This course introduces the academic approach of Sustainability and explores how today’s human societies can endure in the face of global change, ecosystem degradation and resource limitations. The course focuses on key knowledge areas of sustainability theory and practice, including population, ecosystems, global change, energy, agriculture, water, environmental economics and policy, ethics, and cultural history.
This subject is of vital importance, seeking as it does to uncover the principles of the long-term welfare of all the peoples of the planet. As sustainability is a cross-disciplinary field of study, this foundation requires intellectual breadth: as I describe it in the class text, understanding our motivations requires the humanities, measuring the challenges of sustainability requires knowledge of the sciences (both natural and social), and building solutions requires technical insight into systems (such as provided by engineering, planning, and management).

Training Course Content:
• Orientation and Introduction:
In this module, you will become familiar with the course, your classmates, and the learning environment. The orientation also helps you obtain the technical skills required for the course. In the introduction, we will examine some of the central ideas that underpin the Earth as a system, and their consequences for environmental sustainability.

• Population:
In this module, we will see how human populations have evolved over time and get a sense of where the next century of change will take us.

• Ecosystems and Climate Change:
In this module, we will see that the Earth faces many environmental pressures that result from human exploitation of natural resources. We will also look at the issue of climate change.

• Energy:
In this module, we will explore the connection between water and food, and see what will be required to feed the planet over the course of the century.

• Environmental Policy:
In this module, we will examine some of the common tools used by policy-makers, and some of the forces that shape (or misshape) policy.
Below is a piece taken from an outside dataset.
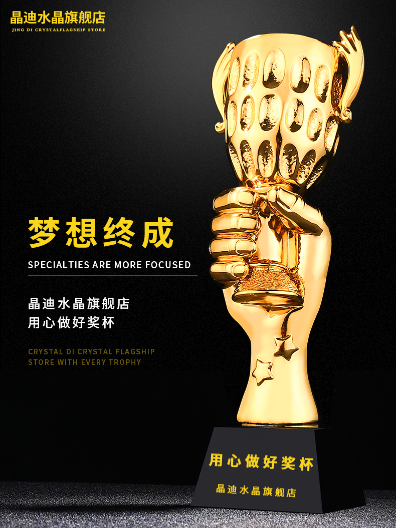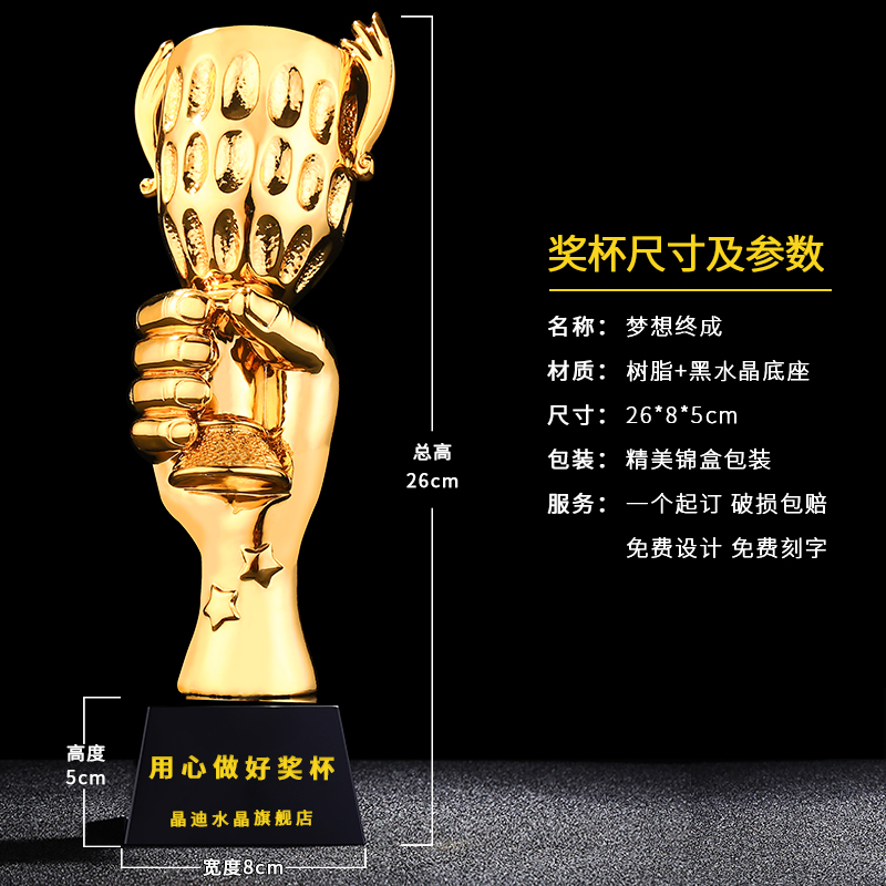 夢想終成 鍍金獎杯 創意獎杯專業定制 企業員工頒獎禮品訂制

• Measuring Sustainability:
In this module, we will examine what tools are available to measure sustainability. Finally, I will make some predictions on global sustainability for the 21st century, based on the models we have spoken about in this course and the trends that have been observed in the early part of this century.

• Conclusion:
Welcome to the end of the course! This module has a final, comprehensive quiz that covers all of the topics that we’ve seen in the previous seven modules. You’ll want to be familiar with the goals and objectives, key phrases, concepts, and guiding questions from the earlier modules to do well on this final quiz.